- **Exercise aim**
Within the records that follow, restate exactly the lines from the line with "Σεισμός 4,7 ανοιχτά" down to the line with "Our straight and", including both. Omit the pictures.
---------- Information provided ----------
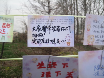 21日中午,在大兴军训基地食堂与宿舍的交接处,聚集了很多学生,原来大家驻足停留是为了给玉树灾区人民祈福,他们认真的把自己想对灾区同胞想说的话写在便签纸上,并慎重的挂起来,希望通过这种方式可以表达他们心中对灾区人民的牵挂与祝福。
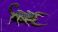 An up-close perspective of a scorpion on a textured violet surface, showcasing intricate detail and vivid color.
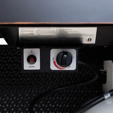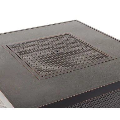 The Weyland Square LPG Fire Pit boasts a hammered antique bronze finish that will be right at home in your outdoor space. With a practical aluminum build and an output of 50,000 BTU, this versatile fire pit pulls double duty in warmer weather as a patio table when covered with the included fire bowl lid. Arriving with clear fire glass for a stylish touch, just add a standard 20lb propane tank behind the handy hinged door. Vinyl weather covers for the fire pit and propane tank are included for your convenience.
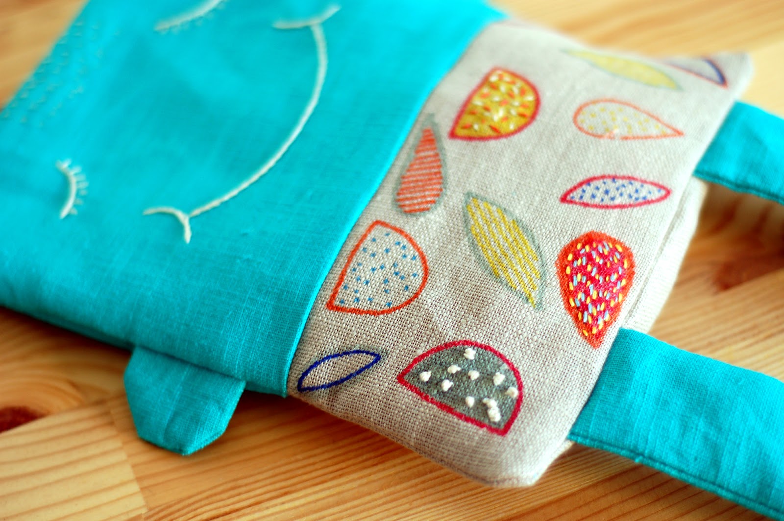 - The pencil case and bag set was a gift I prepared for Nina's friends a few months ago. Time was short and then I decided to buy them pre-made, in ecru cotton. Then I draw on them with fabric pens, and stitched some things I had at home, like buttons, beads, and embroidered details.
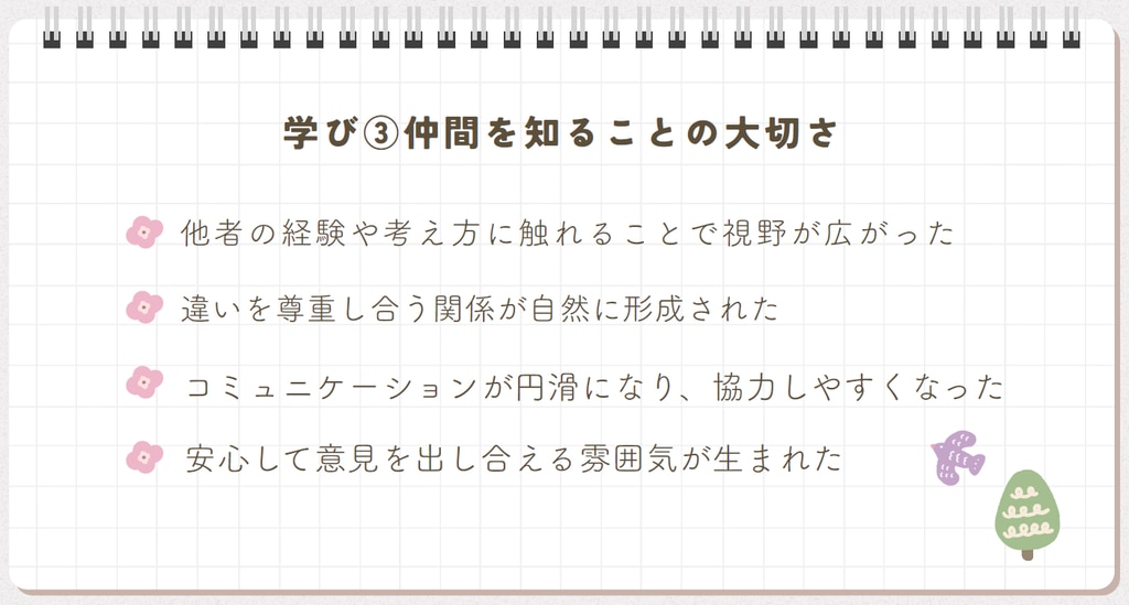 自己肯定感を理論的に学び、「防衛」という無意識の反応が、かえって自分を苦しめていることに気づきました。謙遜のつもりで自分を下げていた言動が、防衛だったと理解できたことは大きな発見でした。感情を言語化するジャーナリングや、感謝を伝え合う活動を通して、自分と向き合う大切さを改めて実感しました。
----------
---------- Information provided ----------
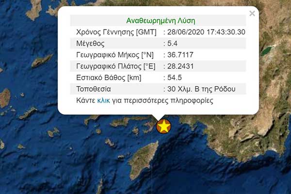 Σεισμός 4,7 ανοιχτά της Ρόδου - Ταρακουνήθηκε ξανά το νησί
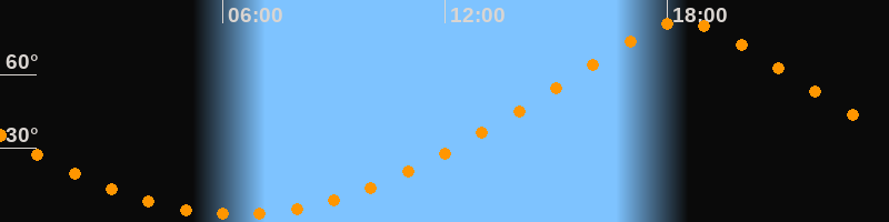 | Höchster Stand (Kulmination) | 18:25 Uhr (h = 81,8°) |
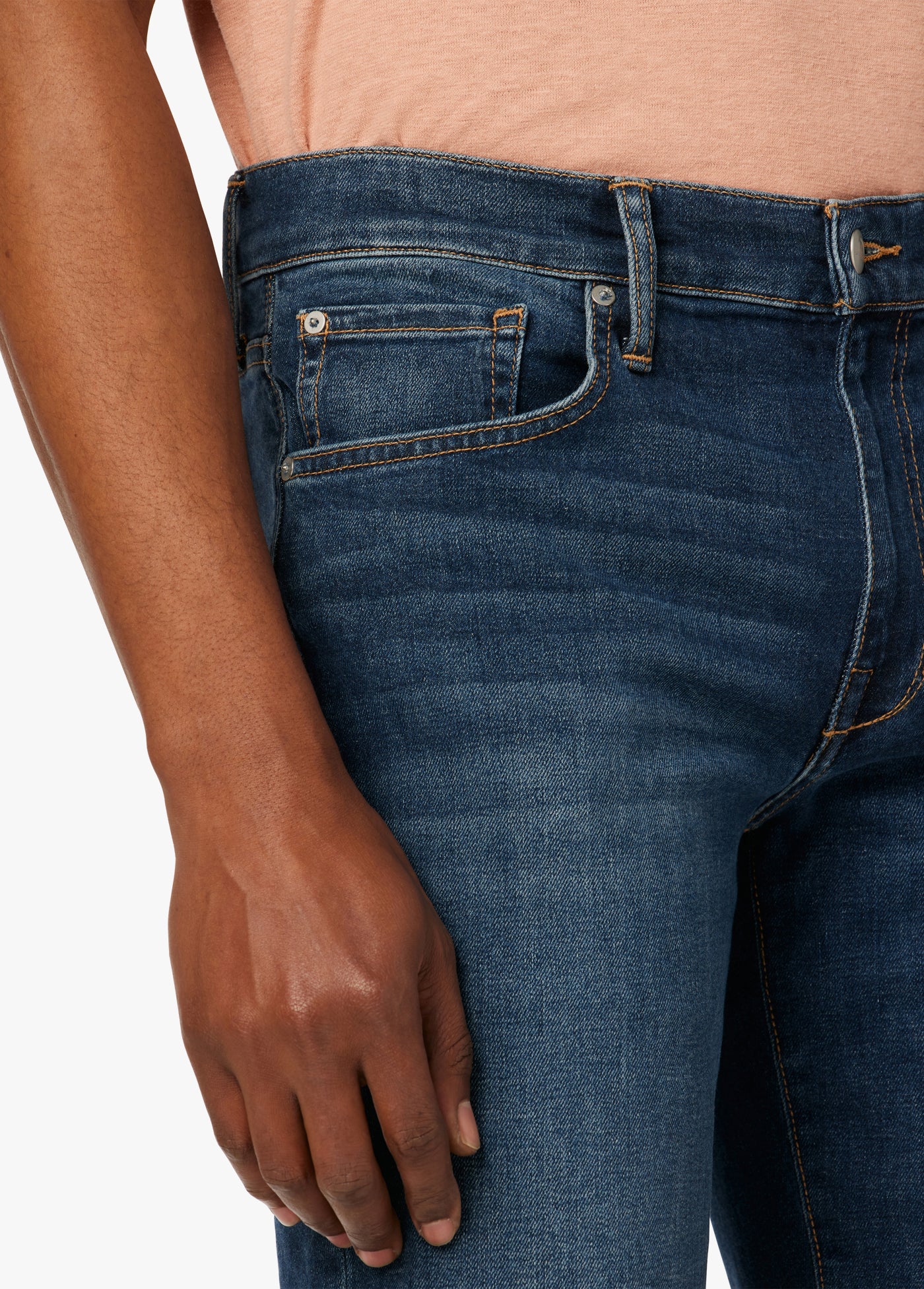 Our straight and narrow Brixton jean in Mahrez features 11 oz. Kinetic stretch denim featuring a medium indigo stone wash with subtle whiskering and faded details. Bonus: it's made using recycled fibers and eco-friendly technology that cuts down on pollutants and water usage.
----------
- **Task result**
 Σεισμός 4,7 ανοιχτά της Ρόδου - Ταρακουνήθηκε ξανά το νησί
 | Höchster Stand (Kulmination) | 18:25 Uhr (h = 81,8°) |
 Our straight and narrow Brixton jean in Mahrez features 11 oz. Kinetic stretch denim featuring a medium indigo stone wash with subtle whiskering and faded details. Bonus: it's made using recycled fibers and eco-friendly technology that cuts down on pollutants and water usage.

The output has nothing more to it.